### GIVEN INFORMATION
▬▬▬

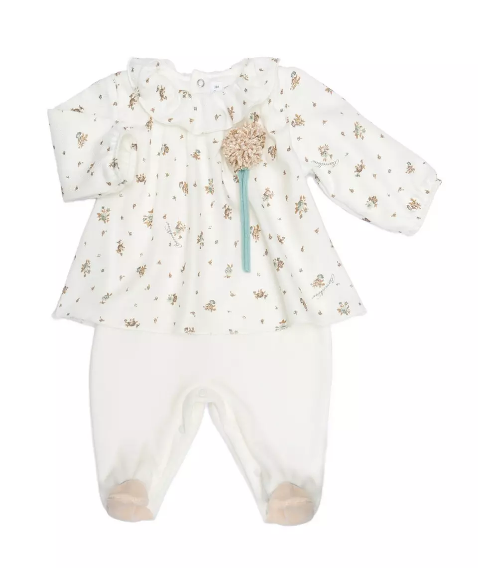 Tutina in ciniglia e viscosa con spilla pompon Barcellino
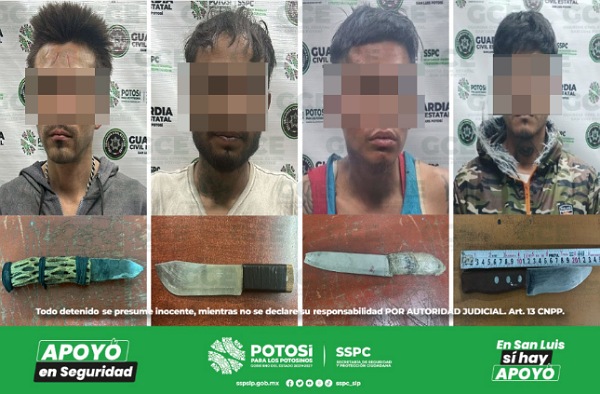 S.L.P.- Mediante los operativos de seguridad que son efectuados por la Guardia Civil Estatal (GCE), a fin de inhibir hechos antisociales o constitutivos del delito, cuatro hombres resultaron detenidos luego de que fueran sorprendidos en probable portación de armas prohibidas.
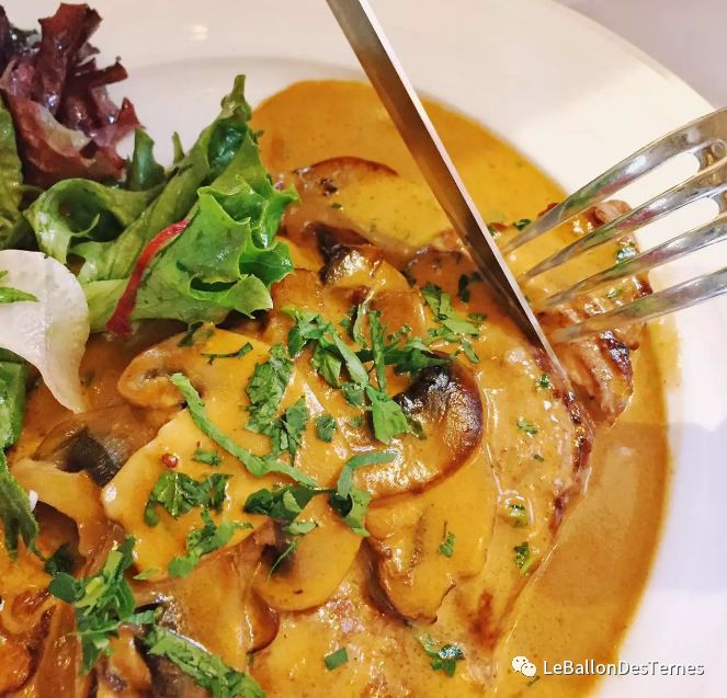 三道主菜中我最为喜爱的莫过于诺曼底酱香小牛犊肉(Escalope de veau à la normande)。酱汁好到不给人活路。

▬▬▬

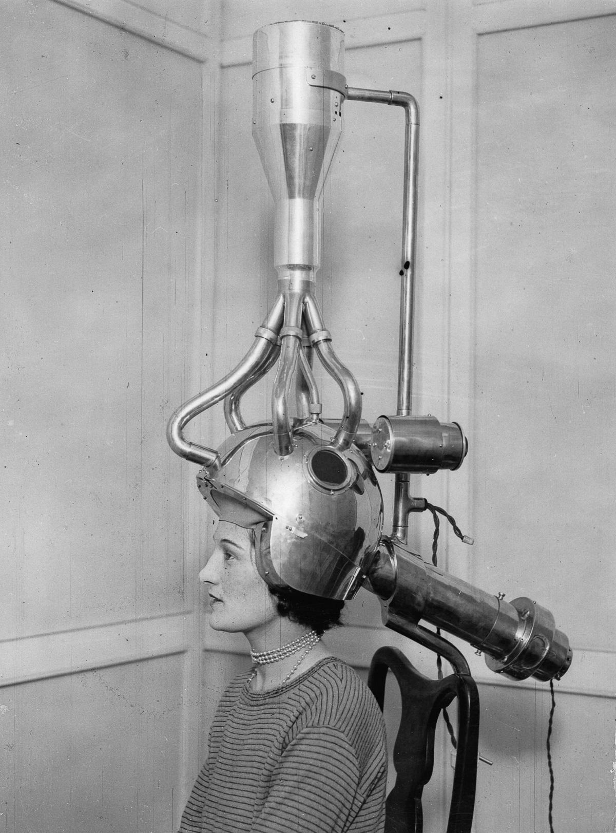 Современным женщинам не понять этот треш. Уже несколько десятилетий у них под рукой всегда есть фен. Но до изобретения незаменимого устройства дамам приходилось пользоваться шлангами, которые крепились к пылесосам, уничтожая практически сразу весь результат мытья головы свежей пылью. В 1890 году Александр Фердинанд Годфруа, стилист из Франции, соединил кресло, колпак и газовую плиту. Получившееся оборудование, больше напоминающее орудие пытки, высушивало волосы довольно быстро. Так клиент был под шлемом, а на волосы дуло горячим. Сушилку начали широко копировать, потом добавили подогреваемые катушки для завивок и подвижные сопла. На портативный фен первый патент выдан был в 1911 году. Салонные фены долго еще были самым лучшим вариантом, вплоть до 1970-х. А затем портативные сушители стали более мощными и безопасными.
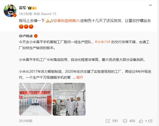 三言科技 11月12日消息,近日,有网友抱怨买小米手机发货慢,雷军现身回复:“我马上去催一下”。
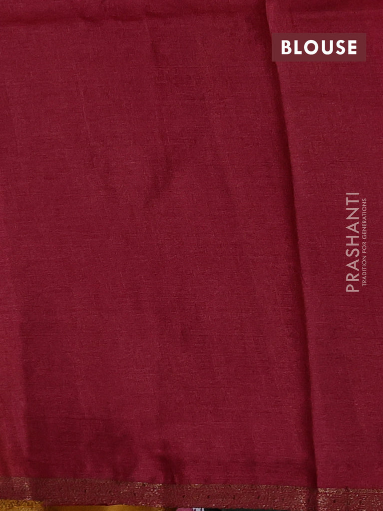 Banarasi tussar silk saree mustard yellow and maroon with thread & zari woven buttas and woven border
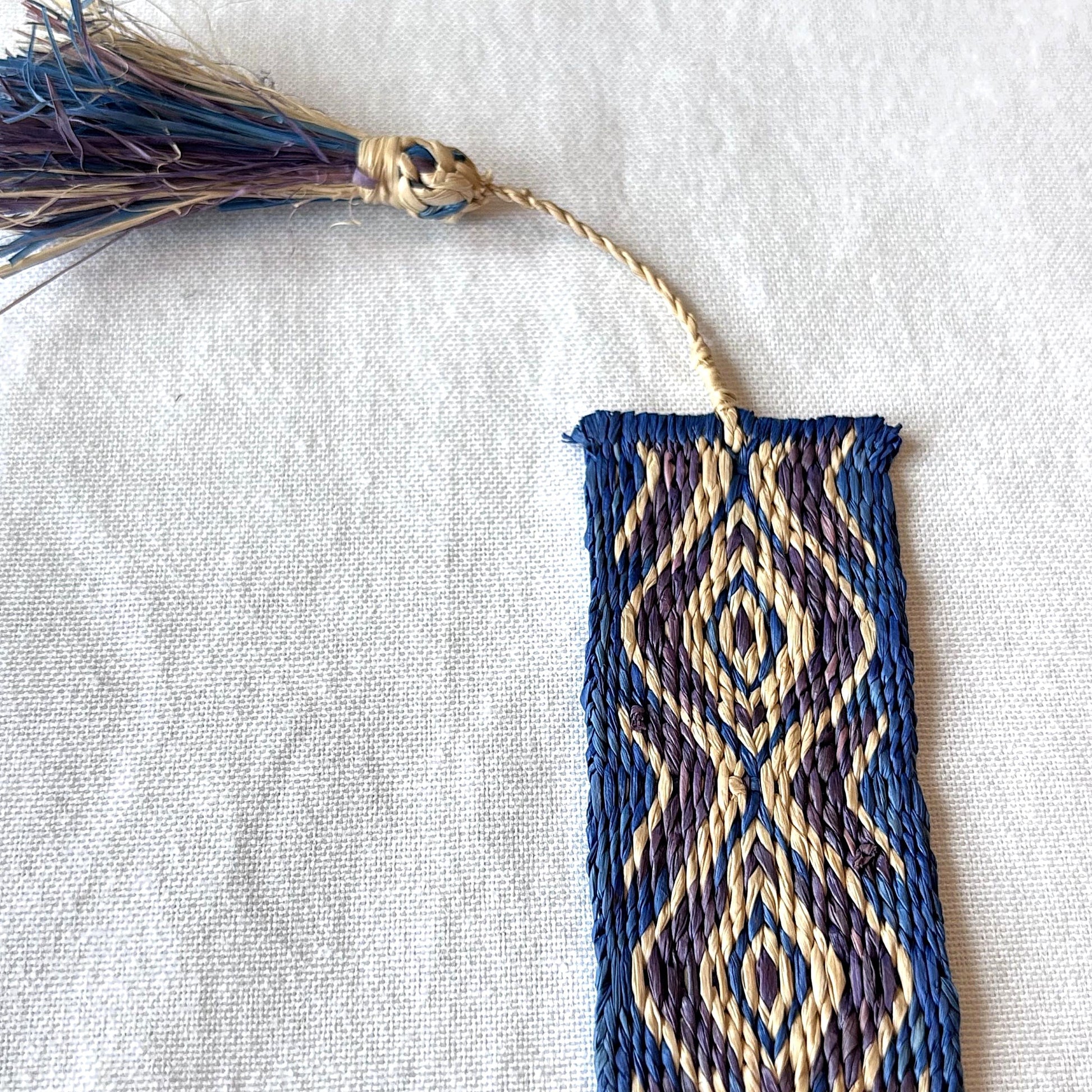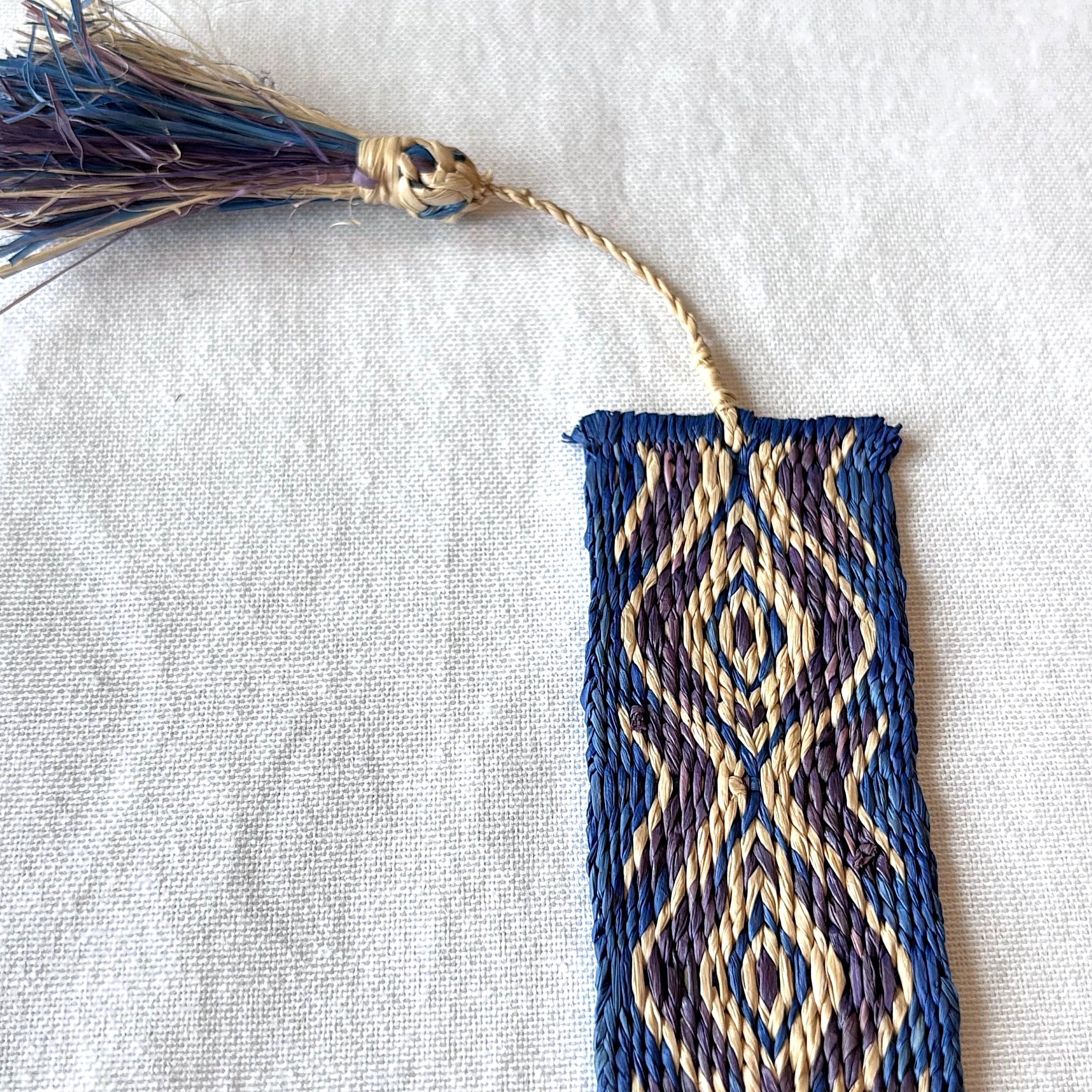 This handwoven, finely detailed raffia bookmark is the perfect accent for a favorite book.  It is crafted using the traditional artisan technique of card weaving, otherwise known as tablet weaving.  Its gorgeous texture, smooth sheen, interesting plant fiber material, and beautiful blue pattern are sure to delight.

▬▬▬

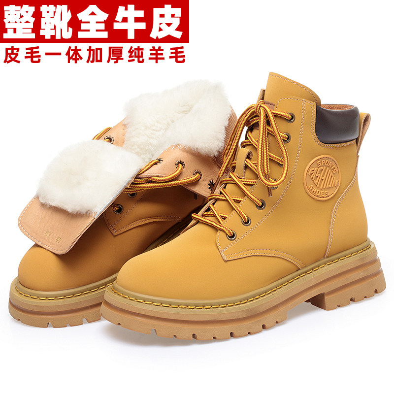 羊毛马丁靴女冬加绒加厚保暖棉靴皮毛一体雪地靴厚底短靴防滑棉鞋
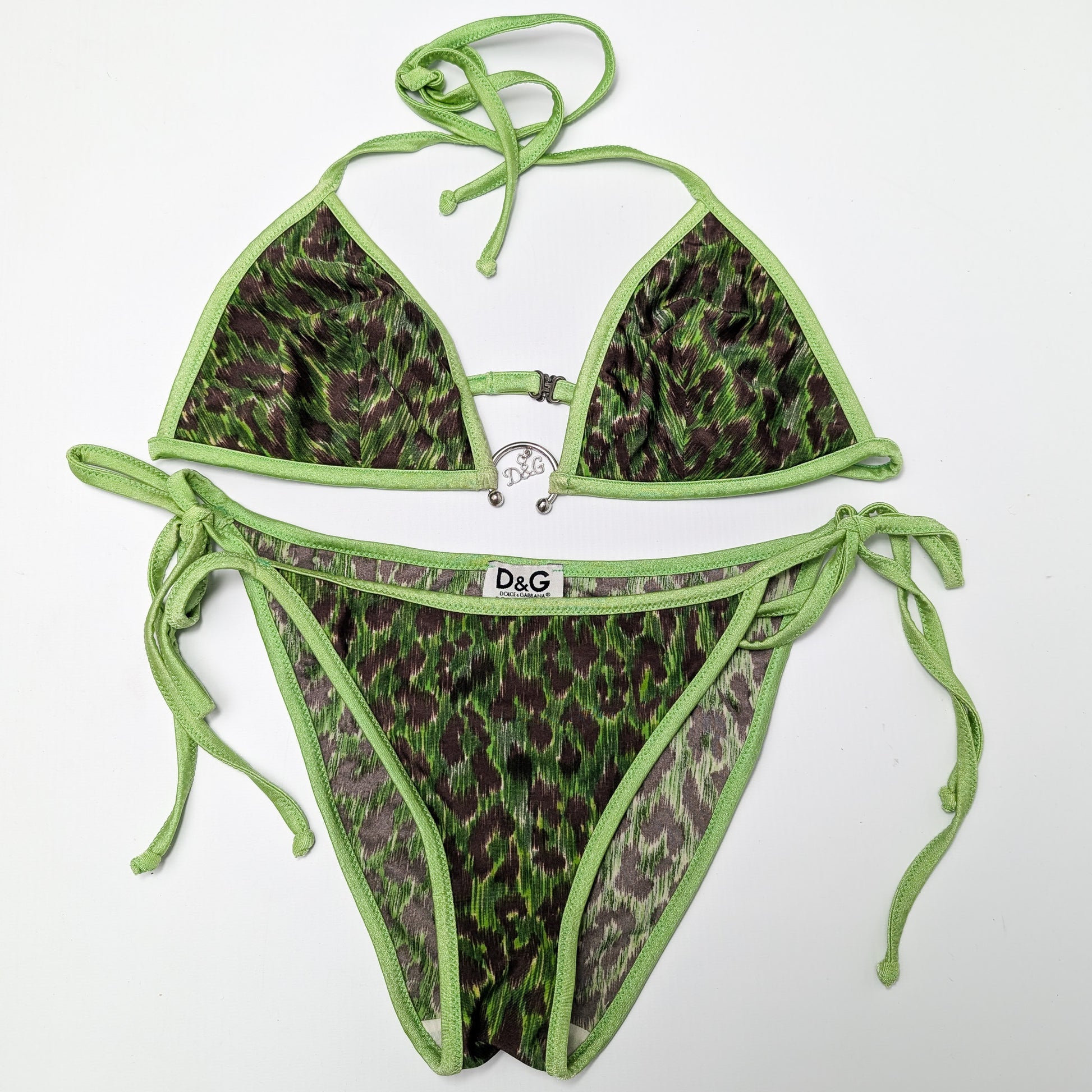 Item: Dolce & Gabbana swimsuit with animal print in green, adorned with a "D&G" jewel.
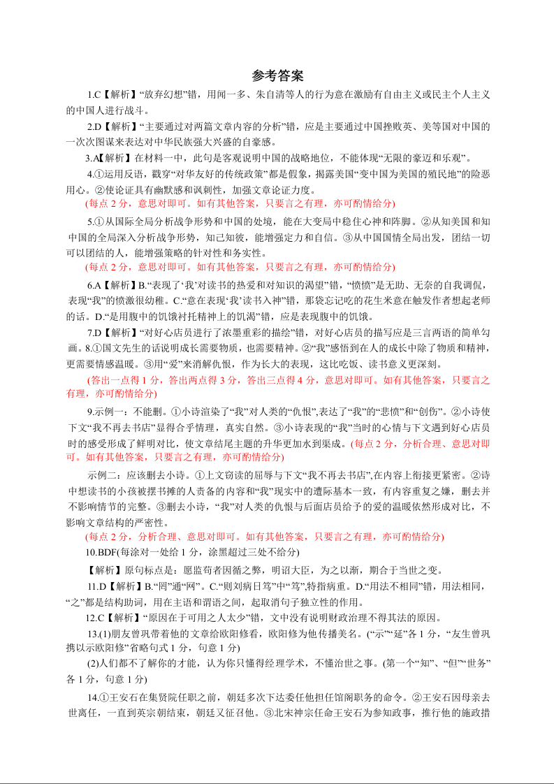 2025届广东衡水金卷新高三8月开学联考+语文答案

▬▬▬

### WHAT IS EXPECTED
Using the listing above, restate exactly the range between the lines holding "Tutina in ciniglia" and "三道主菜中我最为喜爱的莫过于诺曼底酱香小牛犊肉(Escalope de veau", inclusive, with pictures left out.

### SOLUTION FOR THIS PROBLEM
 Tutina in ciniglia e viscosa con spilla pompon Barcellino
 S.L.P.- Mediante los operativos de seguridad que son efectuados por la Guardia Civil Estatal (GCE), a fin de inhibir hechos antisociales o constitutivos del delito, cuatro hombres resultaron detenidos luego de que fueran sorprendidos en probable portación de armas prohibidas.
 三道主菜中我最为喜爱的莫过于诺曼底酱香小牛犊肉(Escalope de veau à la normande)。酱汁好到不给人活路。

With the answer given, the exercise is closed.